Bensman: I’ve spent a lot of time in Mexico and in Central America with immigrants and have for the last year and a half, all during the campaigns. The immigrants would tell me over and over again that they were coming because either a Democrat was expected to be elected to the White House and open the border or, once Biden was nominated, that he would do it particularly. So they started coming just on that hope and grounds alone. They told me. I’ve got all kinds of videotaped interviews and quotations from migrants for at least a year straight about how they were expecting a Democrat to get in, then, and that they were going to come because of it. So that’s one thing.
The importance of the president or the vice president going to the border is to acknowledge that there is a problem down there and to let the American people know they know it and that they are going to do something to address it. I think that’s typically why a president or a senior executive would go visit the border, or anything. If there’s a school shooting or some kind of a national disaster of import or significance, a president or vice president will go there. To signify their care and worry about it. And I think the border is no different than anything like that, a school shooting or terror attack or something of that order… to just go down and show that it matters. By not going, that’s a political statement too. Which is that, ‘this is not a big deal. There is nothing happening here… we don’t agree that this is something needs to be addressed.’
Sam Widener: You are the author of a book called America’s Covert Border War. So mind explaining about your book to the listeners.

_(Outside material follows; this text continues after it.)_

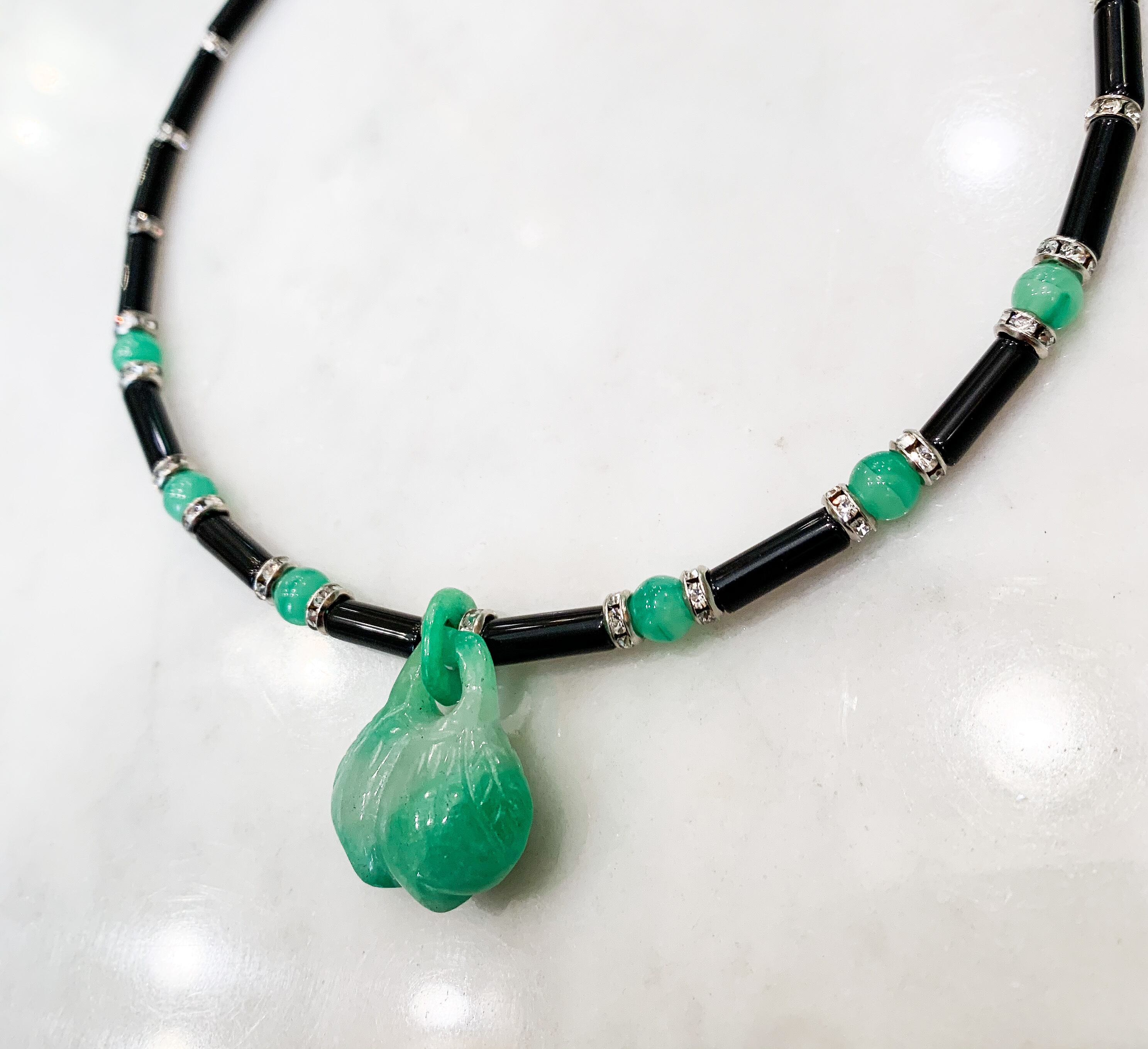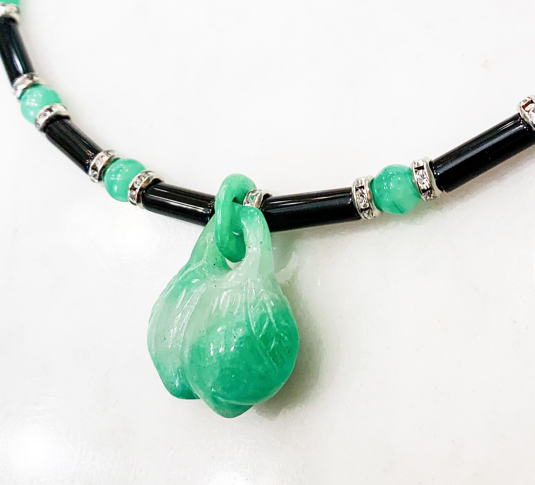 桃の形の玉(ギョク)をセンターにした、オニキスのワイヤーチョーカー

Bensman: Yes, thanks for asking about that. America’s Covert Border War is all about probably the single most taboo subject and aspect of the border security issue because it’s about jihadists and Islamic terrorists coming over the border. That has long been denied by the regular media and by former homeland security people or people who claim to be homeland security experts. You might remember a year or two ago when Donald Trump said there were Middle Easterners coming in and around the caravans. He was shouted down for months and called a liar. You’re just simply not allowed to talk about that. It’s considered kind of crazy. But the book systematically documents terrorists who have come across. And more importantly, a series of counterterrorism programs that the Department of Homeland Security has deployed at the border and south of the border throughout Latin America to deal solely with this problem that supposedly doesn’t exist. You’ve actually got 20 years of DHS secret programs that have been operating for the purpose of keeping the country safe from that particular kind of infiltration. There are intercontinental smuggling routes that bring people in, three or four thousand a year – from the Middle East and South Asia and in North Africa. And not all of them are going to be terrorists. A lot of them are just people who have no identification and just show up at the border to claim asylum. But the problem is we don’t know who they are. And every once in a while, at least several times a year, we do catch people who are already on the US terrorism watch list or No Fly list. And we discover others who are not on any list but are associated with terrorist organizations. And the book just outlines all of that. The programs and the jihadists who have come across.